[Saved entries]
§ §
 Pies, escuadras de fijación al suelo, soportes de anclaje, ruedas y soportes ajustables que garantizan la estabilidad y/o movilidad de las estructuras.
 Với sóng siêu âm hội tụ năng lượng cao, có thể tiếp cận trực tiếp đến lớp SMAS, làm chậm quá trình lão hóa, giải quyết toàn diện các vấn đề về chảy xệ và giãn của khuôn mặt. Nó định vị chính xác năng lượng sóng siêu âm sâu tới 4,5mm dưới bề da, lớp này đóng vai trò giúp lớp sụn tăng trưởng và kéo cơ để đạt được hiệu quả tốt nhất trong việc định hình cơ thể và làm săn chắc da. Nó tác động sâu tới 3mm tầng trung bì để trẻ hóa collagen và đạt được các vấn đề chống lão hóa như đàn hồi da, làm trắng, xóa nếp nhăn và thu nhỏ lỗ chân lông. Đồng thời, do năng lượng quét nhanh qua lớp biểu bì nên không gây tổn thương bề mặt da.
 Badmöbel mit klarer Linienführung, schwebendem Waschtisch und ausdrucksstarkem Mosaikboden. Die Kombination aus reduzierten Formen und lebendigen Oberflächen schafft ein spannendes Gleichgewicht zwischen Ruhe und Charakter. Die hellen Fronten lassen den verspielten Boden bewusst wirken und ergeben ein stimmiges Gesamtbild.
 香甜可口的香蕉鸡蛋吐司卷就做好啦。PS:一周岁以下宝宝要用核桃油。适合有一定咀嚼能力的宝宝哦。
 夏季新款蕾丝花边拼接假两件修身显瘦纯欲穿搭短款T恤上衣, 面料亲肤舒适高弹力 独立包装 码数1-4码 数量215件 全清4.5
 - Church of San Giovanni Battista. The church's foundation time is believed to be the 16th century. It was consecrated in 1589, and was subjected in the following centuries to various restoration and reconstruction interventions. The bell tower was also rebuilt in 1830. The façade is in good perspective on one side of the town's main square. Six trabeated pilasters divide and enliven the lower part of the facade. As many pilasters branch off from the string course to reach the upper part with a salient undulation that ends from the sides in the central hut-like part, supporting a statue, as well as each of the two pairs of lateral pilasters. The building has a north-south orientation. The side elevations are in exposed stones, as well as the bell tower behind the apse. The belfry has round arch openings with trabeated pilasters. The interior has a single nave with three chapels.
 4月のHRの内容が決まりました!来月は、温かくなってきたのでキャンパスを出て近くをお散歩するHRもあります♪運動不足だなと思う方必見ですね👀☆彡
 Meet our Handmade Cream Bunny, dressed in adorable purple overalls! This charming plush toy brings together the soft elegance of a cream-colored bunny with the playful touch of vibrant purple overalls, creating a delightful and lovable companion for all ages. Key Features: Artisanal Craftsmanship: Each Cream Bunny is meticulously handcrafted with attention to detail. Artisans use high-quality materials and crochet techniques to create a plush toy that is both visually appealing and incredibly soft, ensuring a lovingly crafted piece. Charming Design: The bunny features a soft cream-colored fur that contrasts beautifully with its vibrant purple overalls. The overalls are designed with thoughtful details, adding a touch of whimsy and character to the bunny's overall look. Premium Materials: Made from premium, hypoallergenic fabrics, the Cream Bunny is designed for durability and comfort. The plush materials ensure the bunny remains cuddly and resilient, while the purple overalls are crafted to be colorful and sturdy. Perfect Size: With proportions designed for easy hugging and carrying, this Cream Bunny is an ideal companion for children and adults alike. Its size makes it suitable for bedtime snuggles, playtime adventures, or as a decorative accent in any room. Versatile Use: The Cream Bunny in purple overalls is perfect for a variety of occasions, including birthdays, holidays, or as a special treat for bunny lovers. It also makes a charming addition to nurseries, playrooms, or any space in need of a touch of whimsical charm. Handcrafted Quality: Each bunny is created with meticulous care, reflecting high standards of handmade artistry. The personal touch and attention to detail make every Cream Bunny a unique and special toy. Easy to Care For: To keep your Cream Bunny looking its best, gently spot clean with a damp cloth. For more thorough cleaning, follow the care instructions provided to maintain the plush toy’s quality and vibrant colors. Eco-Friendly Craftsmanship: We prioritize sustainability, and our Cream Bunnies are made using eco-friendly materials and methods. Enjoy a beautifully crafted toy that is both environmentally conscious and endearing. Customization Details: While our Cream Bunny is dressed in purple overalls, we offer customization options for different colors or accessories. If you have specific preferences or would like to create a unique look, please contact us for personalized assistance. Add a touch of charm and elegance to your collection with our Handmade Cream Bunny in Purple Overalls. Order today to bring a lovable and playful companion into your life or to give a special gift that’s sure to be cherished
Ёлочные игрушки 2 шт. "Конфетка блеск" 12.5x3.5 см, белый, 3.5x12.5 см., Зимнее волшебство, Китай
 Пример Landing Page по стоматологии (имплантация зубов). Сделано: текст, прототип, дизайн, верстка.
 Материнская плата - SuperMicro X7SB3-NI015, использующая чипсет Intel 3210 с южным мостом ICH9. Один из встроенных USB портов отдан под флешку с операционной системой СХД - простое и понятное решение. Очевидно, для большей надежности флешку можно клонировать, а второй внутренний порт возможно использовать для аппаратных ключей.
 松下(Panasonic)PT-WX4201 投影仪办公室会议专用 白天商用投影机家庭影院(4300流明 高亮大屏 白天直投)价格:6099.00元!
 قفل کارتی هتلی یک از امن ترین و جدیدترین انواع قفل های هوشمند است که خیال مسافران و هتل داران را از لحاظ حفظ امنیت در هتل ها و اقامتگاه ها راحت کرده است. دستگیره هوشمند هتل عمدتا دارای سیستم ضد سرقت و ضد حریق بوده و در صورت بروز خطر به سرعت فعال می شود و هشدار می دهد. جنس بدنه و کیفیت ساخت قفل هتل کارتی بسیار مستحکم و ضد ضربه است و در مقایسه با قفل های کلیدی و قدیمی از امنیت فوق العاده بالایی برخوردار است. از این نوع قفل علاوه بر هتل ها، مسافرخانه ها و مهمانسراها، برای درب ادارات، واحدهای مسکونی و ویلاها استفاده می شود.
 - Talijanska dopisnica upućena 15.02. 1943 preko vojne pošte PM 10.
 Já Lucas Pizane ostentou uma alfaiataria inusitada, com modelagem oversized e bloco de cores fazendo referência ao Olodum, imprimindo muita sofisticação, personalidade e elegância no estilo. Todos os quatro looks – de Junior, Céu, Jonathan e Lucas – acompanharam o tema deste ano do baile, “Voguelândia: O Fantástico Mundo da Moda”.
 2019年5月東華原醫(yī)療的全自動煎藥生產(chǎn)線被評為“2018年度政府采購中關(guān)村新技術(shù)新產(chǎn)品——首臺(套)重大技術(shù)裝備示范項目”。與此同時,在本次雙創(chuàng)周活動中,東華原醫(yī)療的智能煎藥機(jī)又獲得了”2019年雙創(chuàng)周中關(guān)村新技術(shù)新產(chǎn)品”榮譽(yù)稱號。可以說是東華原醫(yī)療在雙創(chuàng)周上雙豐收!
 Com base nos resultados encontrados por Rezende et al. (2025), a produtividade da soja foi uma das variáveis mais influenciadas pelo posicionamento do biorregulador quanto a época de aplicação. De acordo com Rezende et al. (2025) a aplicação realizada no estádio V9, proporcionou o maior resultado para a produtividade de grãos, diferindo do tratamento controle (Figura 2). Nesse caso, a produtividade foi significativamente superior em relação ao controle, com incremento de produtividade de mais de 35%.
§ §
An exact repetition of all the records above is required.

 Pies, escuadras de fijación al suelo, soportes de anclaje, ruedas y soportes ajustables que garantizan la estabilidad y/o movilidad de las estructuras.
 Với sóng siêu âm hội tụ năng lượng cao, có thể tiếp cận trực tiếp đến lớp SMAS, làm chậm quá trình lão hóa, giải quyết toàn diện các vấn đề về chảy xệ và giãn của khuôn mặt. Nó định vị chính xác năng lượng sóng siêu âm sâu tới 4,5mm dưới bề da, lớp này đóng vai trò giúp lớp sụn tăng trưởng và kéo cơ để đạt được hiệu quả tốt nhất trong việc định hình cơ thể và làm săn chắc da. Nó tác động sâu tới 3mm tầng trung bì để trẻ hóa collagen và đạt được các vấn đề chống lão hóa như đàn hồi da, làm trắng, xóa nếp nhăn và thu nhỏ lỗ chân lông. Đồng thời, do năng lượng quét nhanh qua lớp biểu bì nên không gây tổn thương bề mặt da.
 Badmöbel mit klarer Linienführung, schwebendem Waschtisch und ausdrucksstarkem Mosaikboden. Die Kombination aus reduzierten Formen und lebendigen Oberflächen schafft ein spannendes Gleichgewicht zwischen Ruhe und Charakter. Die hellen Fronten lassen den verspielten Boden bewusst wirken und ergeben ein stimmiges Gesamtbild.
 香甜可口的香蕉鸡蛋吐司卷就做好啦。PS:一周岁以下宝宝要用核桃油。适合有一定咀嚼能力的宝宝哦。
 夏季新款蕾丝花边拼接假两件修身显瘦纯欲穿搭短款T恤上衣, 面料亲肤舒适高弹力 独立包装 码数1-4码 数量215件 全清4.5
 - Church of San Giovanni Battista. The church's foundation time is believed to be the 16th century. It was consecrated in 1589, and was subjected in the following centuries to various restoration and reconstruction interventions. The bell tower was also rebuilt in 1830. The façade is in good perspective on one side of the town's main square. Six trabeated pilasters divide and enliven the lower part of the facade. As many pilasters branch off from the string course to reach the upper part with a salient undulation that ends from the sides in the central hut-like part, supporting a statue, as well as each of the two pairs of lateral pilasters. The building has a north-south orientation. The side elevations are in exposed stones, as well as the bell tower behind the apse. The belfry has round arch openings with trabeated pilasters. The interior has a single nave with three chapels.
 4月のHRの内容が決まりました!来月は、温かくなってきたのでキャンパスを出て近くをお散歩するHRもあります♪運動不足だなと思う方必見ですね👀☆彡
 Meet our Handmade Cream Bunny, dressed in adorable purple overalls! This charming plush toy brings together the soft elegance of a cream-colored bunny with the playful touch of vibrant purple overalls, creating a delightful and lovable companion for all ages. Key Features: Artisanal Craftsmanship: Each Cream Bunny is meticulously handcrafted with attention to detail. Artisans use high-quality materials and crochet techniques to create a plush toy that is both visually appealing and incredibly soft, ensuring a lovingly crafted piece. Charming Design: The bunny features a soft cream-colored fur that contrasts beautifully with its vibrant purple overalls. The overalls are designed with thoughtful details, adding a touch of whimsy and character to the bunny's overall look. Premium Materials: Made from premium, hypoallergenic fabrics, the Cream Bunny is designed for durability and comfort. The plush materials ensure the bunny remains cuddly and resilient, while the purple overalls are crafted to be colorful and sturdy. Perfect Size: With proportions designed for easy hugging and carrying, this Cream Bunny is an ideal companion for children and adults alike. Its size makes it suitable for bedtime snuggles, playtime adventures, or as a decorative accent in any room. Versatile Use: The Cream Bunny in purple overalls is perfect for a variety of occasions, including birthdays, holidays, or as a special treat for bunny lovers. It also makes a charming addition to nurseries, playrooms, or any space in need of a touch of whimsical charm. Handcrafted Quality: Each bunny is created with meticulous care, reflecting high standards of handmade artistry. The personal touch and attention to detail make every Cream Bunny a unique and special toy. Easy to Care For: To keep your Cream Bunny looking its best, gently spot clean with a damp cloth. For more thorough cleaning, follow the care instructions provided to maintain the plush toy’s quality and vibrant colors. Eco-Friendly Craftsmanship: We prioritize sustainability, and our Cream Bunnies are made using eco-friendly materials and methods. Enjoy a beautifully crafted toy that is both environmentally conscious and endearing. Customization Details: While our Cream Bunny is dressed in purple overalls, we offer customization options for different colors or accessories. If you have specific preferences or would like to create a unique look, please contact us for personalized assistance. Add a touch of charm and elegance to your collection with our Handmade Cream Bunny in Purple Overalls. Order today to bring a lovable and playful companion into your life or to give a special gift that’s sure to be cherished
Ёлочные игрушки 2 шт. "Конфетка блеск" 12.5x3.5 см, белый, 3.5x12.5 см., Зимнее волшебство, Китай
 Пример Landing Page по стоматологии (имплантация зубов). Сделано: текст, прототип, дизайн, верстка.
 Материнская плата - SuperMicro X7SB3-NI015, использующая чипсет Intel 3210 с южным мостом ICH9. Один из встроенных USB портов отдан под флешку с операционной системой СХД - простое и понятное решение. Очевидно, для большей надежности флешку можно клонировать, а второй внутренний порт возможно использовать для аппаратных ключей.
 松下(Panasonic)PT-WX4201 投影仪办公室会议专用 白天商用投影机家庭影院(4300流明 高亮大屏 白天直投)价格:6099.00元!
 قفل کارتی هتلی یک از امن ترین و جدیدترین انواع قفل های هوشمند است که خیال مسافران و هتل داران را از لحاظ حفظ امنیت در هتل ها و اقامتگاه ها راحت کرده است. دستگیره هوشمند هتل عمدتا دارای سیستم ضد سرقت و ضد حریق بوده و در صورت بروز خطر به سرعت فعال می شود و هشدار می دهد. جنس بدنه و کیفیت ساخت قفل هتل کارتی بسیار مستحکم و ضد ضربه است و در مقایسه با قفل های کلیدی و قدیمی از امنیت فوق العاده بالایی برخوردار است. از این نوع قفل علاوه بر هتل ها، مسافرخانه ها و مهمانسراها، برای درب ادارات، واحدهای مسکونی و ویلاها استفاده می شود.
 - Talijanska dopisnica upućena 15.02. 1943 preko vojne pošte PM 10.
 Já Lucas Pizane ostentou uma alfaiataria inusitada, com modelagem oversized e bloco de cores fazendo referência ao Olodum, imprimindo muita sofisticação, personalidade e elegância no estilo. Todos os quatro looks – de Junior, Céu, Jonathan e Lucas – acompanharam o tema deste ano do baile, “Voguelândia: O Fantástico Mundo da Moda”.
 2019年5月東華原醫(yī)療的全自動煎藥生產(chǎn)線被評為“2018年度政府采購中關(guān)村新技術(shù)新產(chǎn)品——首臺(套)重大技術(shù)裝備示范項目”。與此同時,在本次雙創(chuàng)周活動中,東華原醫(yī)療的智能煎藥機(jī)又獲得了”2019年雙創(chuàng)周中關(guān)村新技術(shù)新產(chǎn)品”榮譽(yù)稱號。可以說是東華原醫(yī)療在雙創(chuàng)周上雙豐收!
 Com base nos resultados encontrados por Rezende et al. (2025), a produtividade da soja foi uma das variáveis mais influenciadas pelo posicionamento do biorregulador quanto a época de aplicação. De acordo com Rezende et al. (2025) a aplicação realizada no estádio V9, proporcionou o maior resultado para a produtividade de grãos, diferindo do tratamento controle (Figura 2). Nesse caso, a produtividade foi significativamente superior em relação ao controle, com incremento de produtividade de mais de 35%.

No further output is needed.